小学校を卒業した彼は地元土浦の米穀商にて小間使いとなった。しかし文雄の夢は大きく、15の春に店を飛び出し一人横浜へ、そこで日本郵船の乗り込みコックとなった。半年間の見習い期間を経てコックとしてインド行きの船に乗り込んだ文雄は、途上のラングーン港に寄港した際に山上に燦然と輝く黄金の塔に目を奪われた。

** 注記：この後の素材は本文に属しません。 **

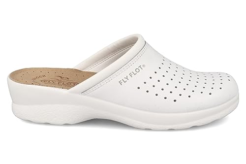 Fly Flot | Woman Professional, Zoccoli Sanitari Donna, Ciabatta con Tomaia in Pelle Forata, Sottopiede Imbottito in Pelle Antishock, Bianco, 42

停泊時間を利用してこの黄金の塔、シューダゴンパゴダ(シュエダゴンパゴダ/Shwedagon Pagoda)へと赴いたが、見物の間に船は出航してしまい、帰りに寄港した際に拾うのでラングーン事務所にて待機するように指示があった。
その待機中、目抜き通りを歩いていると日本神農院という看板のかかった大きな病院がありそこにふらりと入ると院長の加藤周平が出てきて、どういう経緯かはわからないが当院で働かないかと誘われた。船乗りに特に思い入れもなかった文雄は即座に当院に雇われ、薬局勤務としてラングーンで働き始めることとなる。
なお、船が予定通り再びラングーン港へ寄港した際は加藤院長が文雄を匿い、結果的に日本郵船から文雄の実家には行方不明となった旨報告がなされ、実家では葬式もあげられたという。

ラングーンの地で文雄はその才覚を発揮していく。
加藤院長はもともと東京で産婦人科を経営しており、評判の良い医者であったが堕胎罪により医師免許を剥奪されたという過去を持っていた。ただし腕には自信があり、ラングーンで開業した後もその評判から大きく繁盛していたという。
しかし加藤は開業してから5年ほどで諸事情により帰国、その際友人の野村喜祐へと経営を譲渡した。文雄は野村にも気に入られ、薬局に加えて経理も担当、病院は引き続き繁盛を続けたという。
しかし野村も3年半ほどで帰国することとなり、病院は文雄が40万円で譲り受け、日本から医者を数名呼び寄せて運営することとなった。文雄に経営の才があったのか、以降も病院は繁盛を続けここでようやく文雄は長年音信不通であった実家へと手紙を送る。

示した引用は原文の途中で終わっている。